Dovekie 21

Development
- Designer: Phil Bolger
- Location: United States
- Year: 1978
- No. built: 152 (by 1994)
- Builder: Edey & Duff
- Role: Cruiser
- Name: Dovekie 21

Boat
- Displacement: 600 lb (272 kg)
- Draft: 2.50 ft (0.76 m) with a leeboard down

Hull
- Type: monohull
- Construction: fiberglass
- LOA: 21.42 ft (6.53 m)
- LWL: 19.00 ft (5.79 m)
- Beam: 6.67 ft (2.03 m)

Hull appendages
- Keel: two leeboards
- Rudder: spade-type rudder

Rig
- Rig type: catboat rig

Sails
- Sailplan: catboat
- Mainsail area: 143.00 sq ft (13.285 m^{2})
- Total sail area: 143.00 sq ft (13.285 m^{2})

= Dovekie 21 =

Sailboat class

The Dovekie 21, often called just the Dovekie, is an American sailing dinghy, named for the sea bird.
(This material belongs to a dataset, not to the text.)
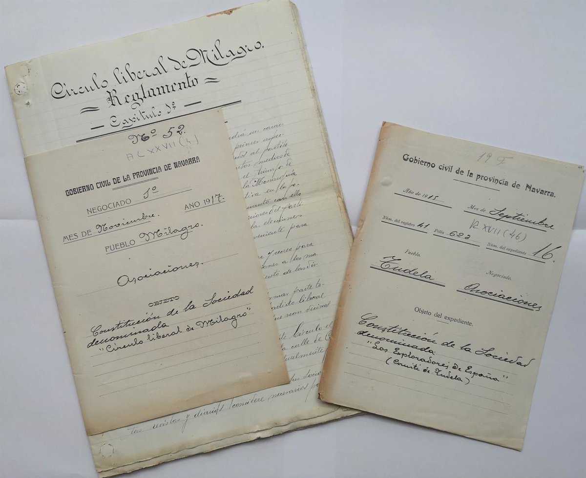 El Archivo de Navarra ha publicado en el buscador web 'Archivo Abierto' los registros descriptivos de 3.093 expedientes de control administrativo de asociaciones del Gobierno Civil de Navarra datados entre 1883 y 1986.

It was designed by Phil Bolger as a cruiser and first built in 1978.

==Production==
The design was built by Edey & Duff in the United States. It was reported in 1994 that 152 examples had been completed, but it is now out of production.

==Design==
The Dovekie is a recreational sailboat, built predominantly of fiberglass over an Airex foam core. It has a catboat rig with an aft-raked mast and a wishbone boom. The hull is flat-bottomed, with a raked stem, a canoe stern, a spade-type rudder controlled by a tiller and dual retractable leeboards, with a retractable bow centerboard. It displaces 600 lb and carries no ballast.

The boat has a draft of 2.50 ft with a leeboard extended and 4 in with it retracted, allowing beaching or ground transportation on a trailer.
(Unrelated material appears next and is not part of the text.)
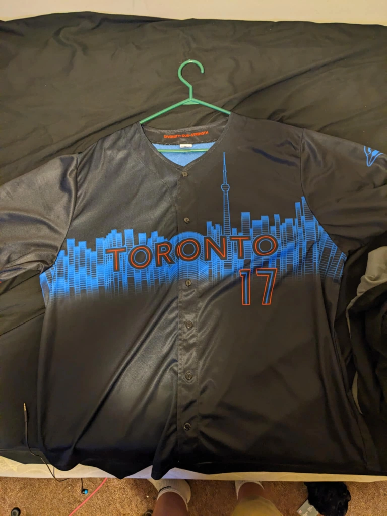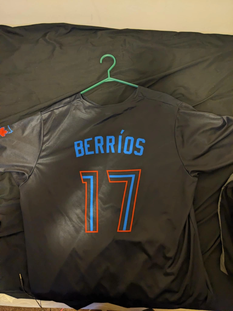 Selling a Toronto Blue Jays jersey with Berrios' name and number 17 on it. It features a cool design with the Toronto skyline. Perfect for showing your support at the Rogers Centre or just around town!

It may be powered by oars or a small outboard motor of up to 2 hp for docking and maneuvering.

For sailing the design is equipped with two sets of reefing points. For furling the sail is roll-gathered against the mast. It has built-in flotation and is unsinkable. The cockpit can accommodate four people and boat has space for two people to sleep overnight, on top of two stowage lockers in the forward cabin.

Factory standard equipment provided included an anchor, life jackets, oars and a signaling kit.

==Operational history==
In a 1994 review Richard Sherwood described the design as "a cruising sailboat for two, with power available, but not necessary ... Meant for short cruises, and with the exceptional draft, gunkholing, (For minimum draft the leeboards are raised, and the small centerboard forward and the rudder reduce leeway.) The leeboards provide more space in the cabin. Since Dovekie is very light, oars, which are provided, may be used for auxiliary power. There are two sets of reef points, and an unusual method of furling: the sail is rolled forward on itself, but not on the mast."

In a 2010 review Steve Henkel wrote, the "Dovekie is basically a decked-over open boat. Bolger's design is unusual (some would say radical) with a dead-flat bottom (no rocker, no deadrise), leeboards, a tiny bow centerboard for working to weather in shallows, and oar ports so she can be used without resorting to outboard power (though a side-mounted outboard bracket is a popular option). Best features: Dovekie feels like a big skiff under sail, and is fairly stable both underway and at anchor, especially considering her light, unballasted hull .. Worst features: Rowing power or a 2-hp outboard will only move her at about 2 to 3 knots. Accommodations are minimal, though no worse than her [competitors]. Be prepared to rough it."